**** PROVIDED RECORDS ****

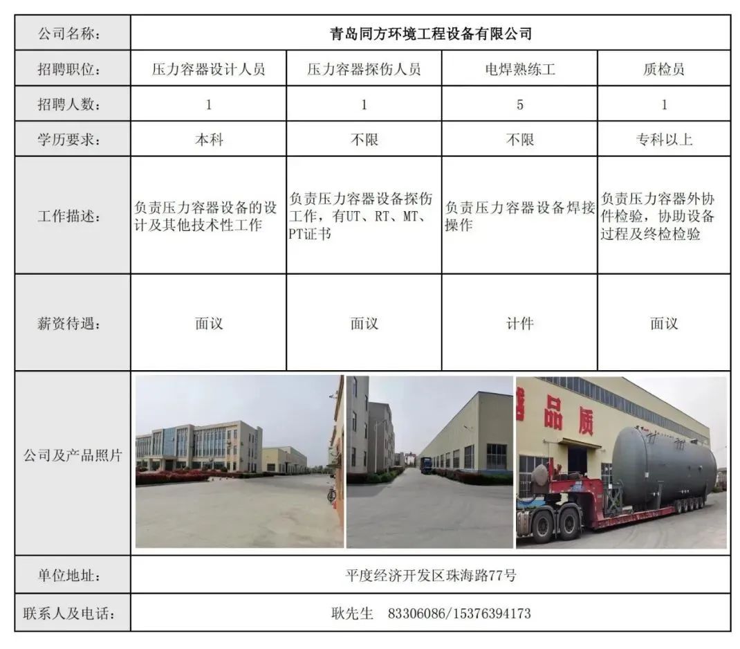 招聘第611期:泰胜、东狮集团、内蒙古汇能卓正煤化工、东源投资集团
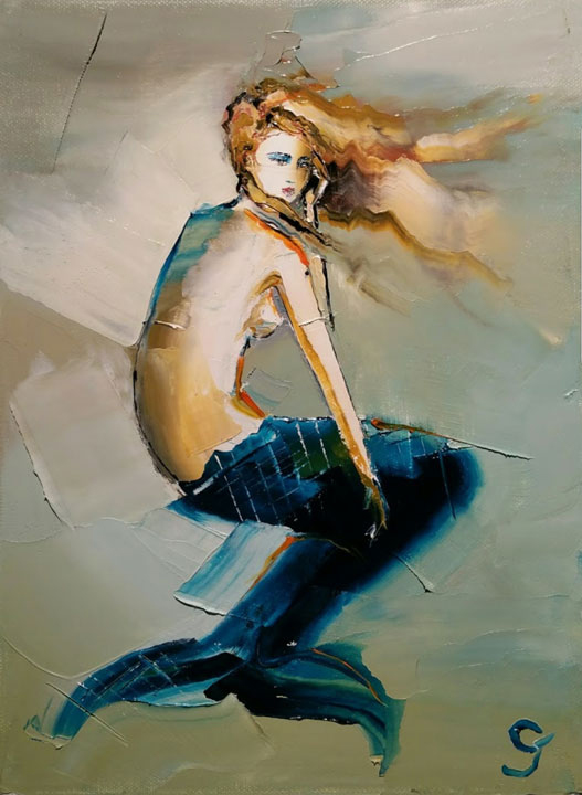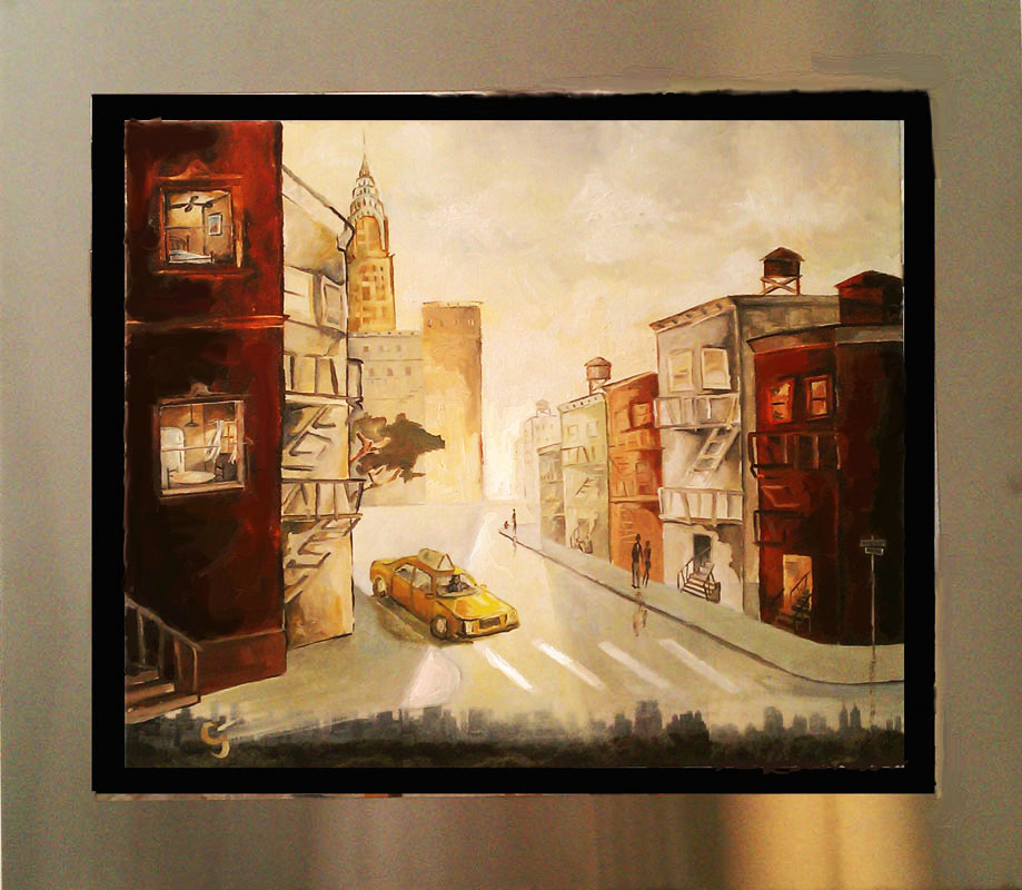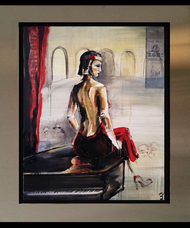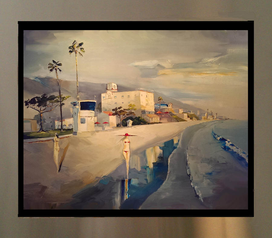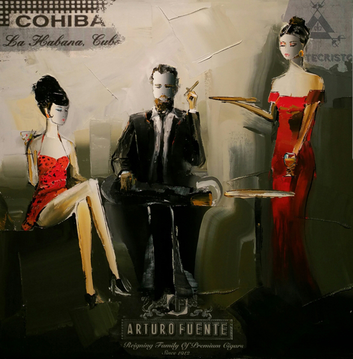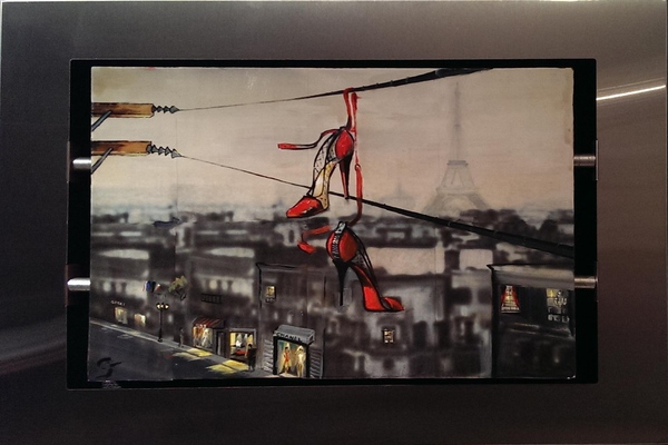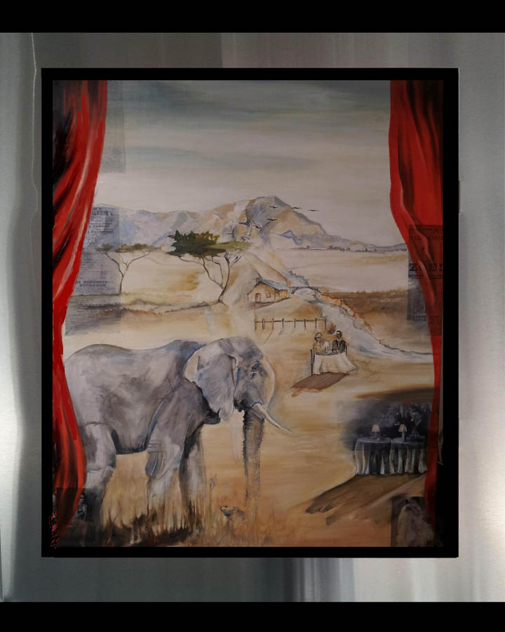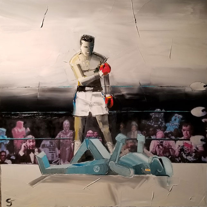 the subject matter over in oil. Each piece is floated in his custom-designed stainless steel frame.
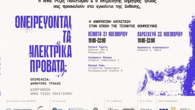 Η εικαστική έκθεση «Ονειρεύονται τα ηλεκτρικά πρόβατα; Η Ανθρώπινη κατάσταση στην εποχή της Τεχνητής Νοημοσύνης» θα εξελιχθεί σε τέσσερις χώρους του κέντρου της Αθήνας: το Παλαιό Χημείο, το Μαράσλειο Διδασκαλείο, το Μέγαρο Στάη και το Γρυπάρειο Μέγαρο. Η εικαστική έκθεση «Ονειρεύονται τα ηλεκτρικά πρόβατα; Η Ανθρώπινη κατάσταση στην εποχή της Τεχνητής Νοημοσύνης» φιλοξενεί τα έργα […]
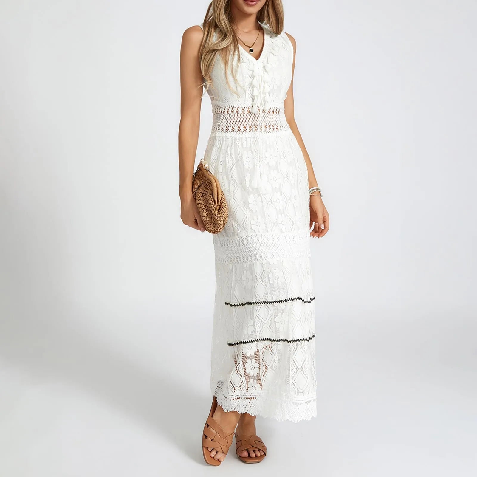 Das fein gearbeitete Spitzenmuster und die langen, fließenden Linien sorgen für einen femininen und stilvollen Look. Dank des ärmellosen Designs bleibt das Kleid angenehm luftig und eignet sich perfekt für warme Tage oder besondere Anlässe mit Boho-Charme.
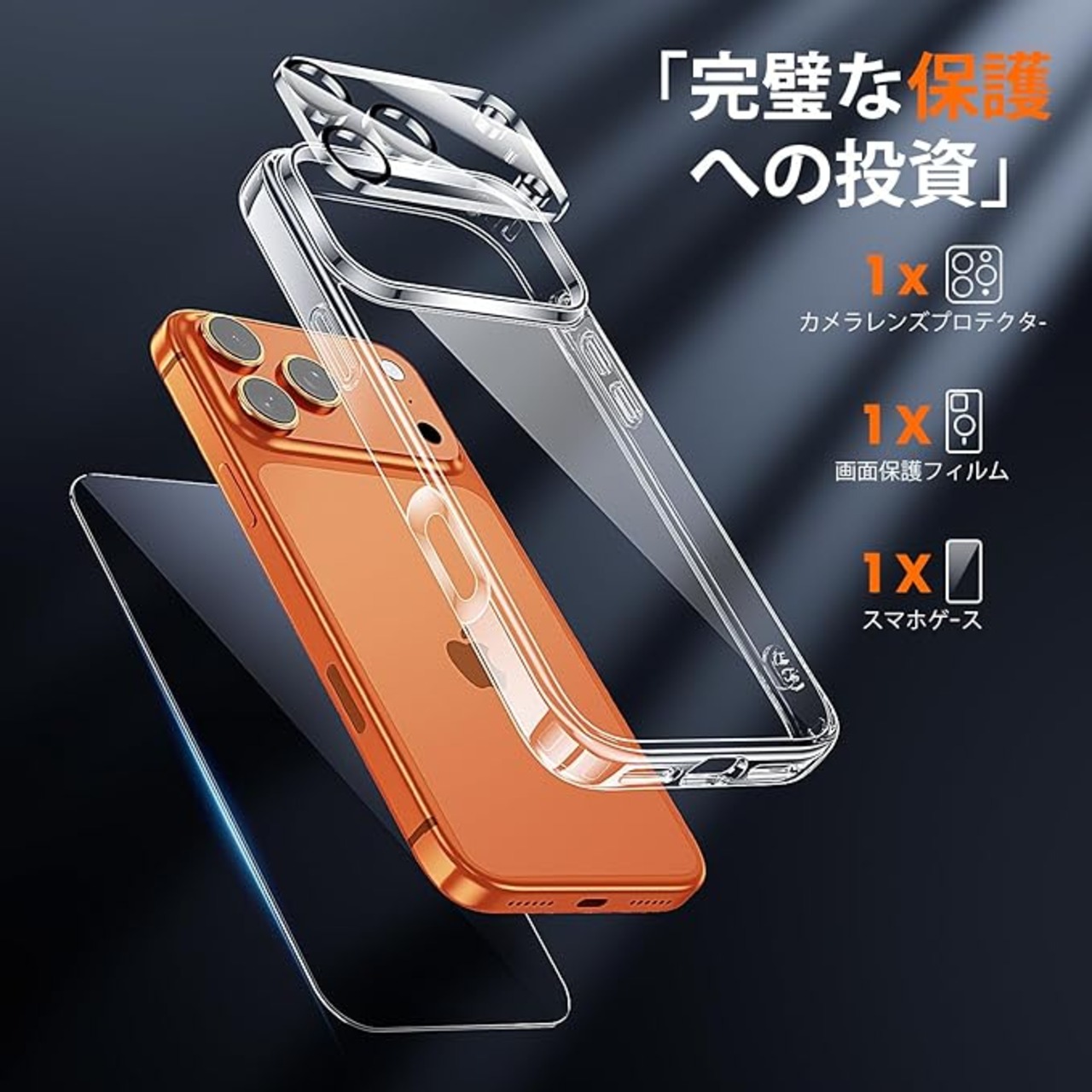 iPhone17 Proケース クリア 1 + 画面保護フィルム 1 + カメラレンズプロテクター 1
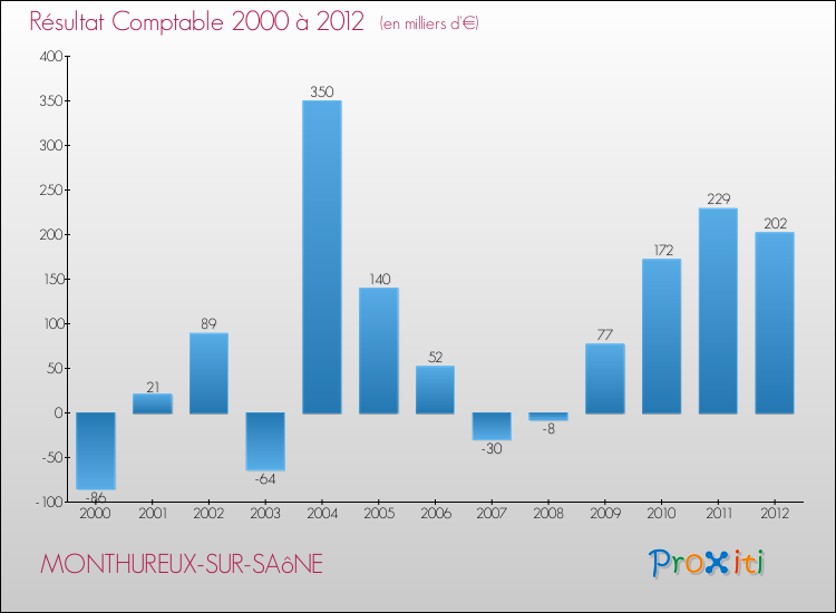 Le résultat comptable de la commune de Monthureux-sur-Saône s'établissait ainsi à : + 202 000 € fin 2012.
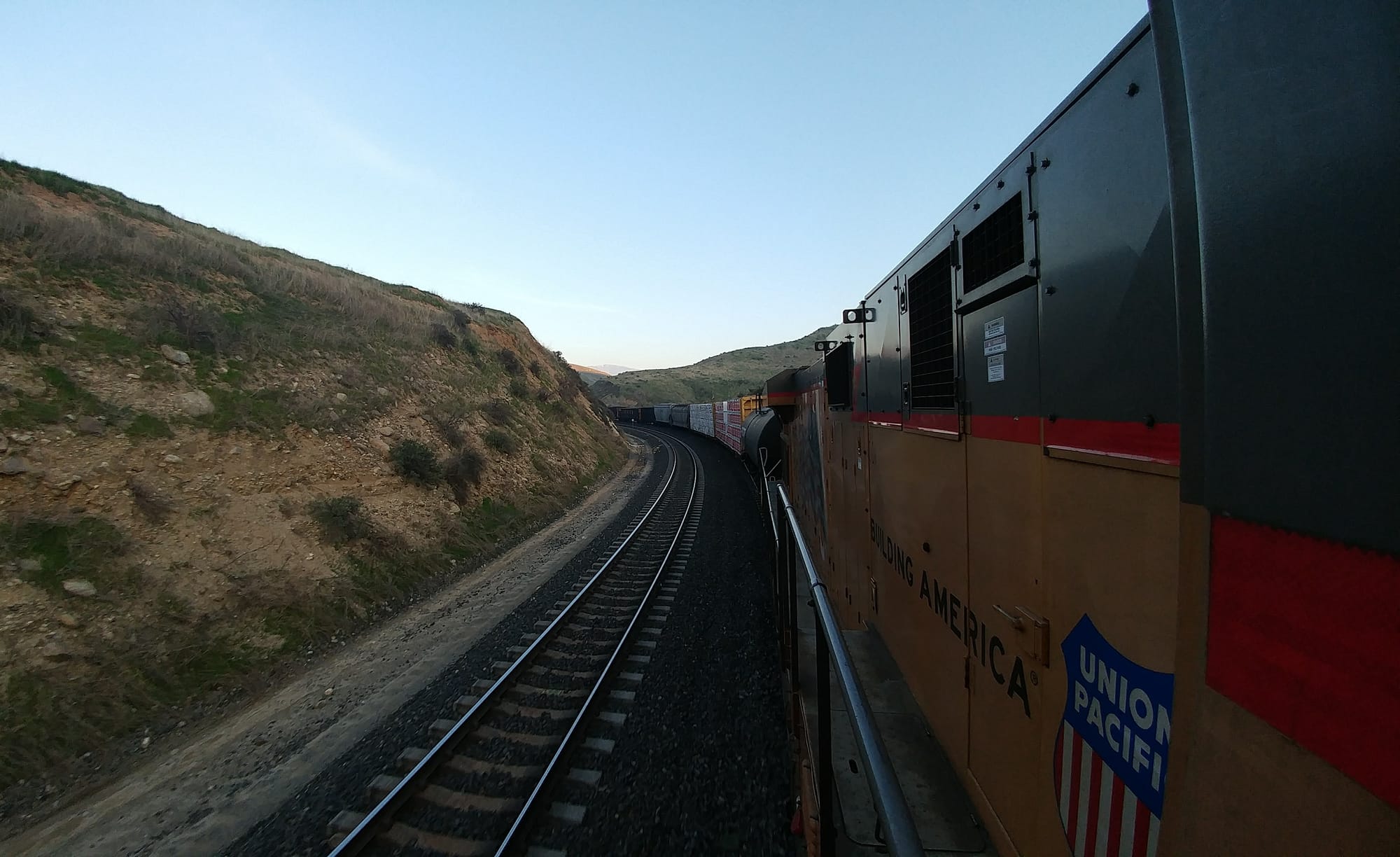 Things to know about riding on Intermodal Double Stacks (IM/DS)…these normally take priority over many other trains on the line…but that being said you should still carry plenty of water. I once sided out for 15 hours in Carrier, Oklahoma and had to hop on a passing train because I ran out of water and town was 9 miles away so I couldn’t walk to it in the heat. Don’t assume anything because you could be riding empty IMs, which are of lower priority. Mail trains, the juice train, etc. are fast hotshots, along with a few of the trains on the highline from Minneapolis to Seattle, Washington/Portland, Oregon.

****

▶ [DIRECTIONS FOR THIS TASK] Please write out the lines above exactly, from the one that contains "Das fein gearbeitete" through the final line, and include none of the pictures.

▶ [RESPONSE TO THE EXERCISE]
 Das fein gearbeitete Spitzenmuster und die langen, fließenden Linien sorgen für einen femininen und stilvollen Look. Dank des ärmellosen Designs bleibt das Kleid angenehm luftig und eignet sich perfekt für warme Tage oder besondere Anlässe mit Boho-Charme.
 iPhone17 Proケース クリア 1 + 画面保護フィルム 1 + カメラレンズプロテクター 1
 Le résultat comptable de la commune de Monthureux-sur-Saône s'établissait ainsi à : + 202 000 € fin 2012.
 Things to know about riding on Intermodal Double Stacks (IM/DS)…these normally take priority over many other trains on the line…but that being said you should still carry plenty of water. I once sided out for 15 hours in Carrier, Oklahoma and had to hop on a passing train because I ran out of water and town was 9 miles away so I couldn’t walk to it in the heat. Don’t assume anything because you could be riding empty IMs, which are of lower priority. Mail trains, the juice train, etc. are fast hotshots, along with a few of the trains on the highline from Minneapolis to Seattle, Washington/Portland, Oregon.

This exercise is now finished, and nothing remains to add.